REID: Here’s a crisis that doesn’t exist. If I had a mortgage on my home for 40 years and I knew I could make the payments every month, would that be a crisis? The answer is no. We have no crisis. For the next 50 years, people on Social Security, if we do nothing, will draw a hundred percent of their benefits. Even after the 50 years if we decide to do nothing congressionally they can still draw 80% of their benefits. That’s not a crisis.
RUSH: The one thing that’s left out of this — that’s not even true, by the way, but hypothetically let’s assume it was true or is true. The one thing the Democrats love to factor into things Dusty Harry is leaving out of here, and that’s inflation. Yeah, we’re going to get X-number of benefits. What’s it going to be worth? What’s $25,000 a year going to be worth to you in 50 years? Will it buy you a lightbulb? That’s the one thing Dusty Harry doesn’t factor, but all the rest of this is BS, folks. It’s, frankly, Barbra Streisand. It’s smoke and mirrors. One more Dusty Harry bite. Stephanopoulos then says, “But over the long term, Democrats and Republicans have agreed and the Social Security administration points out there’s a long term financing problem. Do Democrats have to come forward with a plan to address that?”
REID: Why should we come forward with a plan till the president tells us what he’s going to do?

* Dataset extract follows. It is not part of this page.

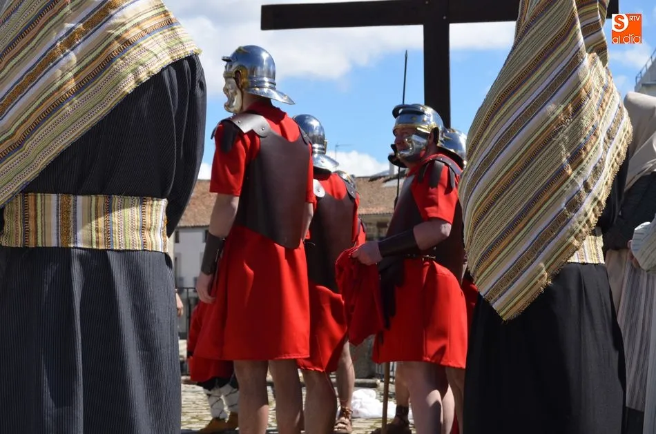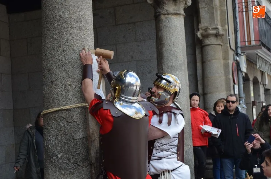 Se cumple La Sentencia en la mañana de Viernes Santo y a las tres de la tarde aparecen las tinieblas. La Hermandad de Jesús Nazareno y Nuestra Señora de las Angustias y el Colectivo de Teatro Telar, han representado esta mañana La Sentencia, una escenografía de varios episodios de la Pasión, que utiliza como escenarios puntos del casco histórico de la ciudad.

RUSH: Stop the tape a minute. What the hell are you opposing, then, Dusty Harry? Do you understand the lunacy, the sheer lunacy? I tell you what, my patience is on a short fuse today, folks. It really is. I’m feeling pressured. Everybody that looks at me sees dollar signs. I can’t get away from it. No matter where I go, all anybody sees is an opportunity. They see things that I have, they say, “I don’t like that. I want to change that.” See, and I’m just on a real short fuse here today. I’m walking around, I got 15,000 people with their hands in my back pocket and I’m thinking of getting a zipper. So I’m just in a real short fuse and these guys are not helping with this kind of lunacy. So Dusty Harry says, “Why should we come forward with a plan until the president tells us what he’s gonna do?” Well, if the president hasn’t told you what he’s gonna do, Dusty Harry, why are you opposing it, then? Here’s the rest of what Dusty Harry mumbled, if you will.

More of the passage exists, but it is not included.